Example (the shipped workflow shape — steps invoke named primitives from the dictionary):

{
  "name": "results.collect_visible",
  "description": "Collect visible result titles and URLs.",
  "input_schema": { "type": "object", "additionalProperties": false },
  "workflow": {
    "version": 1,
    "expression_language": "jsonata",
    "steps": [
      {
        "id": "readResults",
        "primitive": "browser.extract_elements",
        "args": {
          "item_selector": "[data-result], article",
          "fields": [
            { "name": "title", "selector": "a", "attributes": ["aria-label", "text"] },
            { "name": "url", "selector": "a", "attribute": "href" }
          ]
        }
      }
    ],
    "output": "{% steps.readResults.output %}"
  }
}

This step interpreter is implemented and active: workflow steps call named primitives from the dictionary (not abstract step types), and the engine validates strictly — unknown workflow or step fields are rejected, and when the runtime supplies its primitive dictionary, a step naming an unknown primitive is rejected at validation time rather than failing mid-run. See the format and schema docs for the full step field set (when, for_each, retry_until, settle_after, on_error).

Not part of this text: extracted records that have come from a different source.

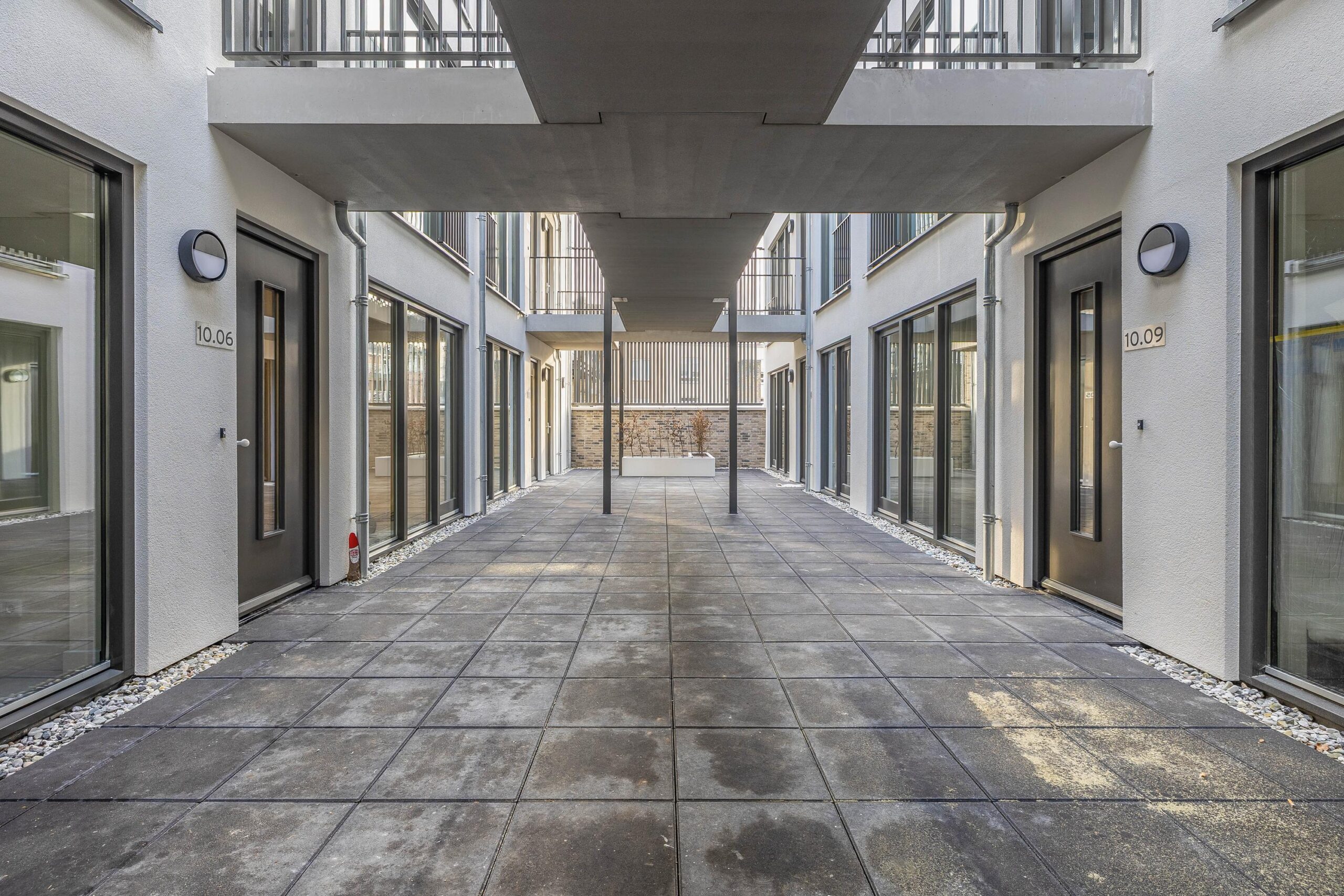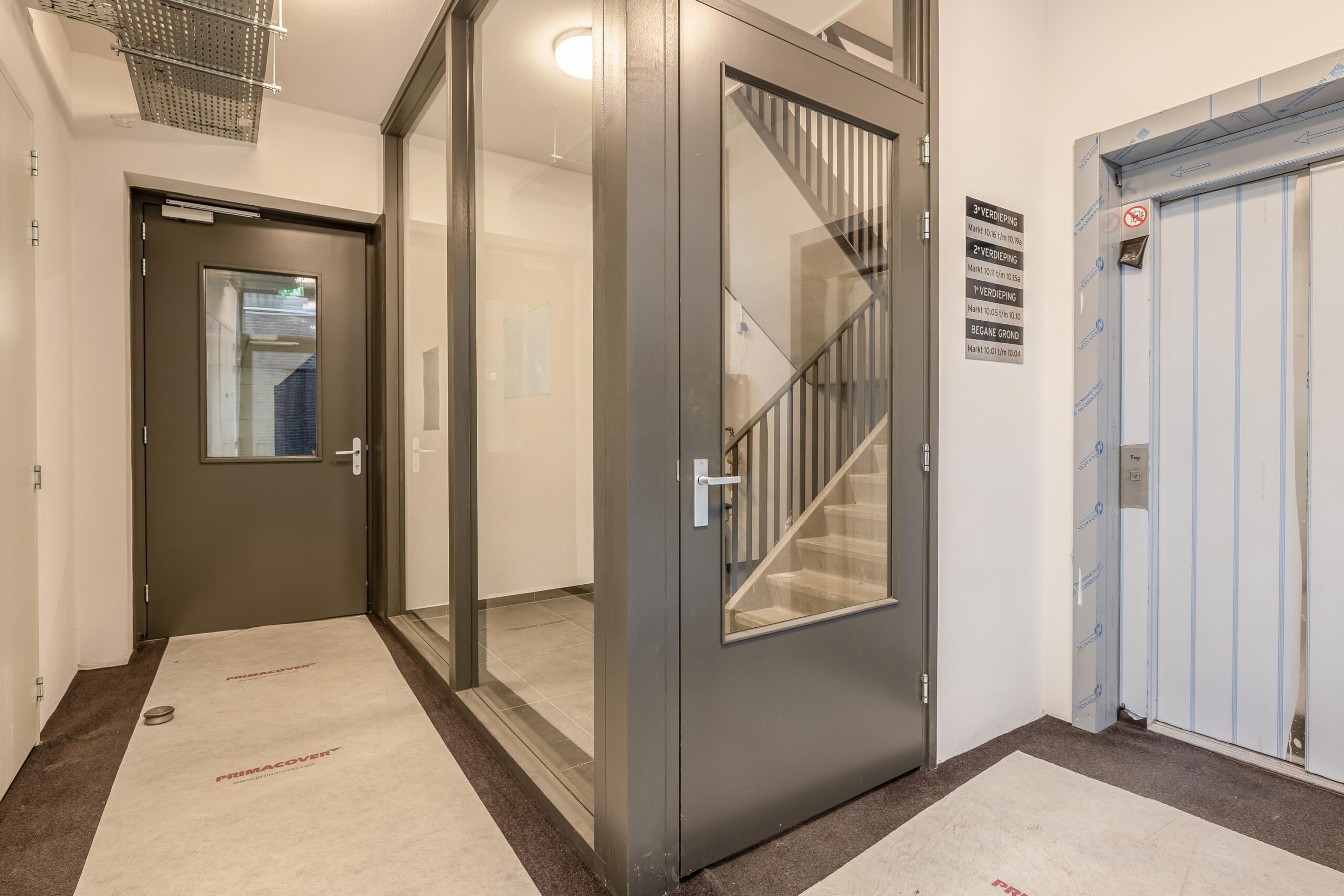 Je komt binnen via de centrale entree met brievenbussen en het bellentableau met videofoon. In de centrale hal vind je zowel de trap als de lift naar het appartement. Op de begane grond beschik je tevens over een eigen parkeerplaats en een eigen berging van 5 m².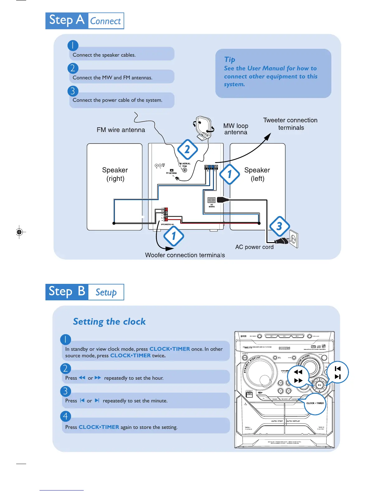 Connect the MW and FM antennas.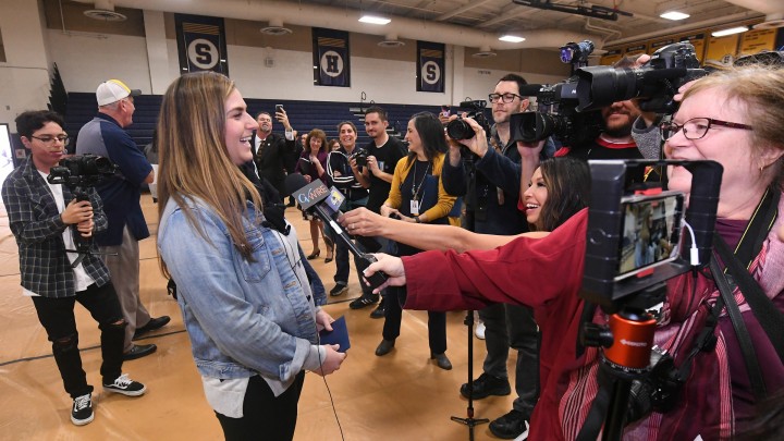 Sunnyside High School | Fresno, CA | Dec 10, 2019DON'T TRIP OVER ALL THOSE TRIPODS, KATIE! Reporters hang on every word from Milken Educator Award recipient Katie McQuone.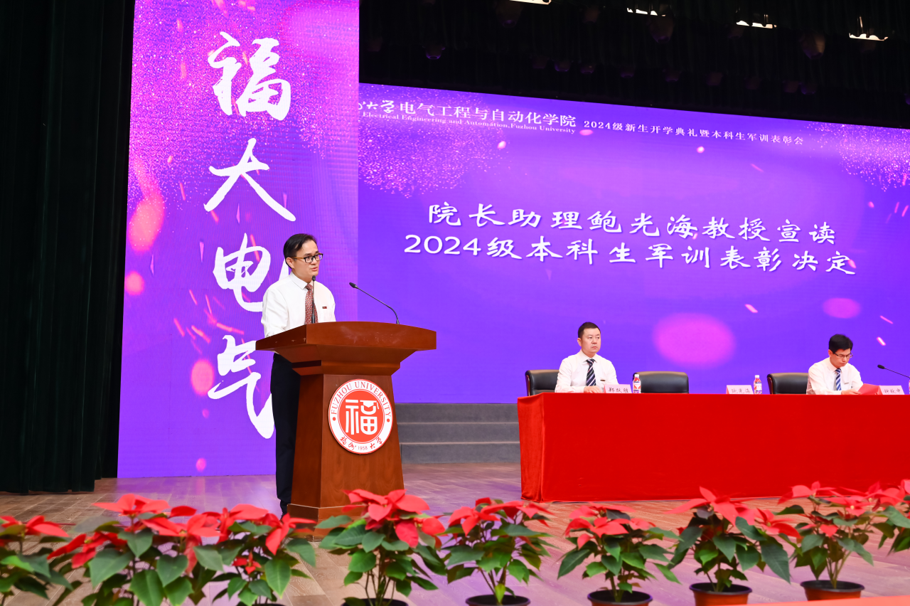 院长助理鲍光海教授宣读2024级本科生军训表彰决定,院领导为军训先进集体和个人颁奖。
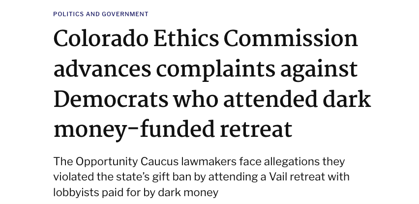 The Colorado Independent Ethics Commission advanced a complaint against out of touch Democrat Shannon Bird regarding a ritzy Vail weekend event with lobbyists funded by a dark money group.

If a tool requires privileged capability, say so:

{
  "name": "debug.capture_page",
  "description": "Capture a true browser screenshot for authoring diagnostics.",
  "requires": ["browser.screenshot"],
  "portable": false
}

Non-Goals

The primitive dictionary is not:

  • an arbitrary remote-code loading mechanism;
  • a hidden automation binary;
  • a promise that privileged browser features work in embeds;
  • a commitment to one browser automation provider;
  • a substitute for explicit user authorization and storage visibility rules.